In this chapter, we will delve into two nonlinear techniques: K-Nearest Neighbors (KNN) and Support Vector Machines (SVM). These techniques are more sophisticated than what we've discussed earlier because the assumptions on linearity can be relaxed, which means a linear combination of the features in order to define the decision boundary is not needed. Be forewarned though, this does not always equal superior predictive ability. Additionally, these models can be a bit problematic to interpret for business partners and they can be computationally inefficient. When used wisely, they provide a powerful complement to the other tools and techniques discussed in this book. They can be used for continuous outcomes in addition to classification problems; however, for the purposes of this chapter, we will focus only on the latter.

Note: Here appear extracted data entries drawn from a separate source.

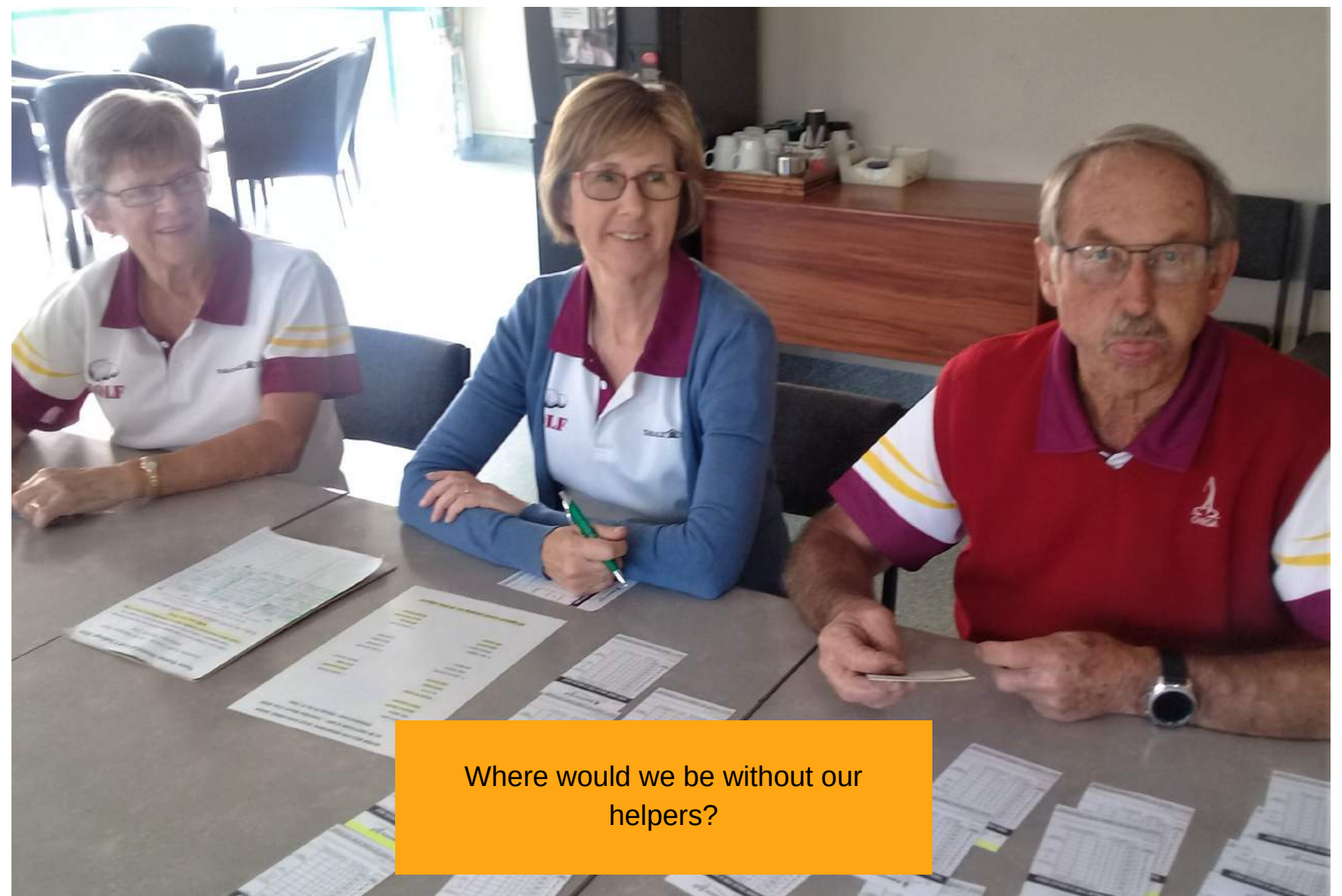
Where would we be without our helpers?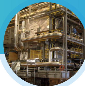
SKID OIL & GAS MACCHI DIV. SOFINTAR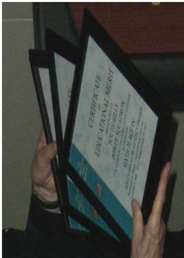
Awards at the Fall Conference (See Inside).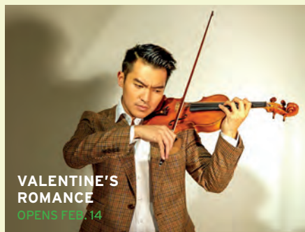
VALENTINE'S ROMANCE OPENS FEB. 14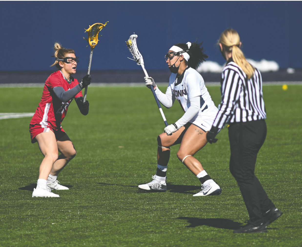
In this photo, UConn women’s lacrosse battled to a 12-11 victory over No. 22 UMass at UConn on March 7. This weekend they take on Butler.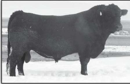
RV EXAR R013 Reference Sire C.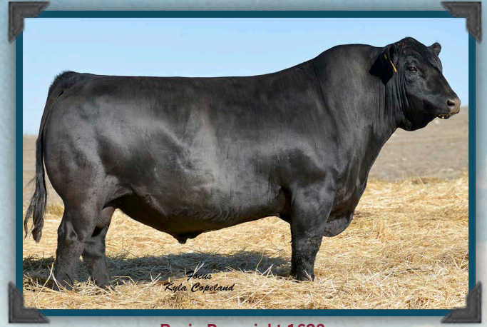
Basin Payweight 1682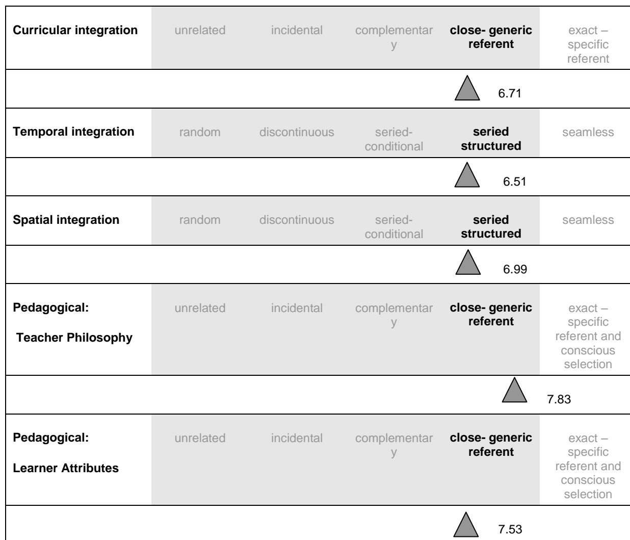
Figure 6: School profile - mapping of task continua

These statistics can also be mapped into a figurative diagram making use of the profiling continua. The mapping for the pilot school in this study is shown in Figure 6.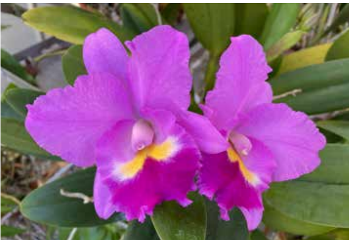
Grower Janis Croft Lc. (Aloha Case x Casitas Spring)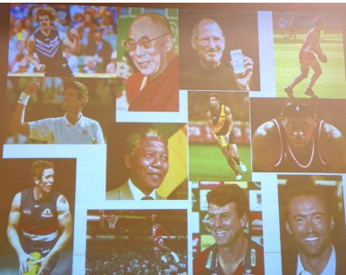
Some mindful practitioners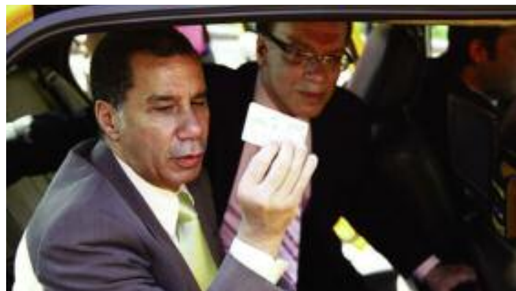
Former New York Governor David Paterson and Councilman Vacca demonstrate how to use the accessible taxi payment system.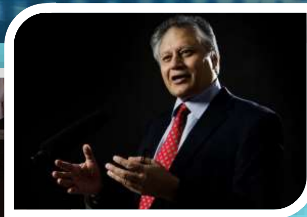
Motivational Speaker Mr. Shiv Khera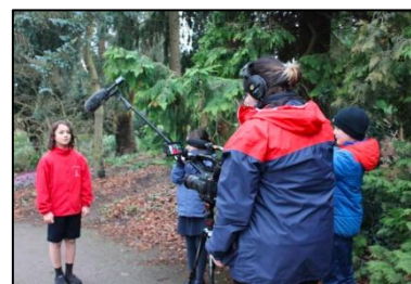
Y5 filming on the Heath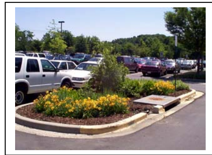
10. Bioretention / Rain Garden (P.G. County Office Complex)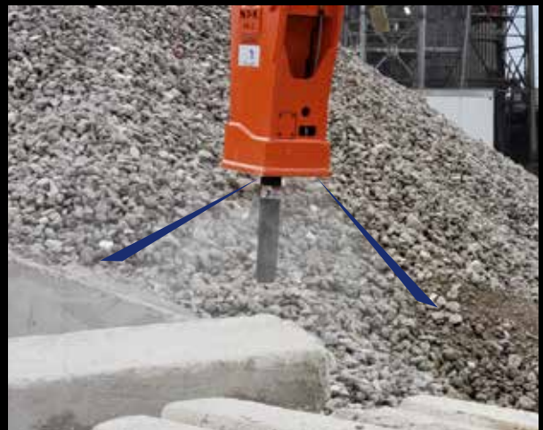
Wide spray angle for maximum coverage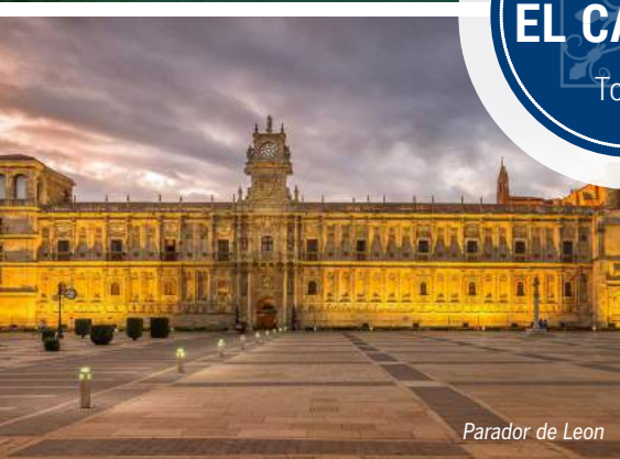
Parador de Leon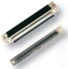
Figure 13. PCB Mounting Connectors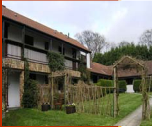
Lovely Courtyard accommodation

A three night stay including breakfast is £150 per room. Take a look at the website for the full range of activities and opportunities in the area.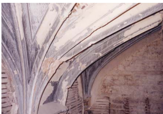
Pictured above is one of fluted ribs in the Equerries Staircase at Windsor Castle which Hayles and Howe restored after the disastrous fire in 1995. The Lime works completed here won Hayles and Howe a regional award from the FPDC in 1998.

After a high-level background on the techniques, we will lay out the business case and then put both of them to the test in order to determine the best method of the two, starting with KNN.

K-Nearest Neighbors

In our previous efforts, we built models that had coefficients or, said another way, parameter estimates for each of our included features. With KNN, we have no parameters as the learning method is the so-called instance-based learning. In short, The labeled examples (inputs and corresponding output labels) are stored and no action is taken until a new input pattern demands an output value. (Battiti and Brunato, 2014, p. 11). This method is commonly called lazy learning as no specific model parameters are produced. The train instances themselves represent the knowledge. For the prediction of any new instance (a new data point), the train data is searched for an instance that most resembles the new instance in question. KNN does this for a classification problem by looking at the closest points—the nearest neighbors to determine the proper class. The k comes into play by determining how many neighbors should be examined by the algorithm, so if k=5, it will examine the five nearest points. A weakness of this method is that all five points are given equal weight in the algorithm even if they are less relevant in learning. We will look at the methods using R and try to alleviate this issue.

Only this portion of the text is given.